If you find states of "abort" in your log, do this as a simple hack to reset the state:

ns_adp_exception state

if {$state=="abort" || $state=="break"} {

catch {ns_adp_return}

set foobar [ns_adp_parse "Hello"]

}

It may be a place to start looking, but if you have a ns_log in your preauth which is not logging then I would guess the issue is somewhat different. But anyone who may use an ns_adp_abort or ns_adp_break from within a filter should be aware of this. I believe using ns_adp_abort in a filter before version 4 worked fine, since 4.0 or 4.5 it causes this abort state issue, I don't remember exactly, it was a long time ago that I had upgraded and had to figure that out.

_Peter

Date: Tue, 26 Aug 2014 18:05:31 +0200
From: cy...@rubylane.com
To: aolserv...@lists.sourceforge.net
Subject: [AOLSERVER] Null responses

------------------------------------------------------------------------------ Slashdot TV. Video for Nerds. Stuff that matters. http://tv.slashdot.org/
_______________________________________________ aolserver-talk mailing list aolserv...@lists.sourceforge.net https://lists.sourceforge.net/lists/listinfo/aolserver-talk

Jeff Rogers

unread,

Aug 26, 2014, 6:51:43 PM8/26/14

to Cyan ogilvie, aolserv...@lists.sourceforge.net

Hi Cyan,

Yes, there's still a few subscribers.

Do you know if this connection dropping happens mostly when there is a
lot of activity or more frequently when there is very low activity?

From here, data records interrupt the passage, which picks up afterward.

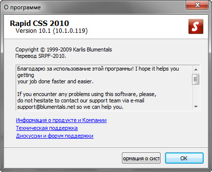 Скачать программу Blumentals Rapid CSS 2010 v10.1.0.119 + Rus (7,55 МБ):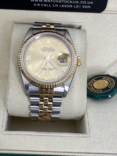ROLEX DATEJUST 16233 36MM , 18K AND STEEL 18K FLUTED BEZEL ON A JUBILEE BRACELET,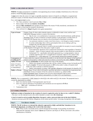 These notes are without a doubt the best notes you will ever find! They show a detailed 'step-by-step' process on how to answer trust exam questions. Hundreds of hours went into preparing these notes and I don't think you would be able to find better. I completed the subject in Semester 2 2017 and obtained a score of 76. The topics covered in these 'Trusts Notes' are: - Creation of Trusts (including certainty of intention, subject matter and object, constitution, formalities) - Quistclose trusts and Charitable purpose trusts - Trustee's Duties - Trustee's defense and limitations on liability - Rights of a Trustee - Rights of Beneficiaries - Remedies for Breach of Trust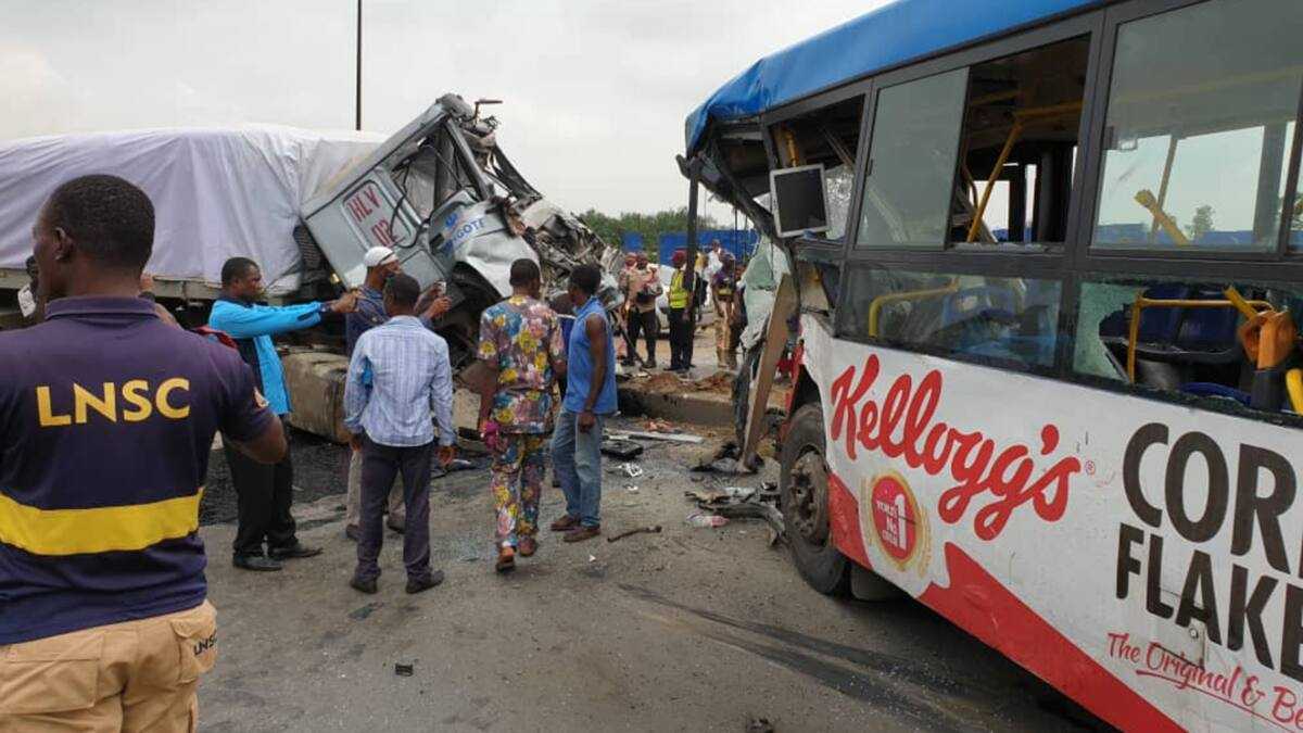 A jawabin suka ce: "Muna isa wajen, wata motar Dangote dauke da Siminti ta samu matsalar birki kawai tayi kicibis da doguwar motar hayar Primero mai lamba LSR-228XS dauke da fasinjoji 40 a zaune, 20 a tsaye."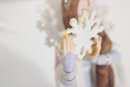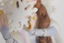 Her long, intricately sculpted braid cascades down the front, complemented by a crown and shimmering accents that enhance the wintry theme. The gown features subtle patterns and refined detailing, showcasing Lenox’s signature artistry and craftsmanship.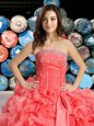Flare Organza Sweetheart Sleeveless Lace Up Beading and Ruffles 15 Quinceanera Dress in Coral Red

I recall a few edge cases in the thread pooling where a thread would in
some circumstances wait until another connection came in before running,
and there might have been a related case where a connection could get
dropped. IIRC, these both happened generally when there was low traffic
(or more specifically low concurrent traffic). Playing with maxconns
might diminish the problem in this case.

You also mention favicon.ico; is it mostly or always that? It's notable
for being a small static file, which could point to other causes, like a
corrupt interpreter state as Peter suggested. Or there might be some
weirdness with mmap if you have that enabled.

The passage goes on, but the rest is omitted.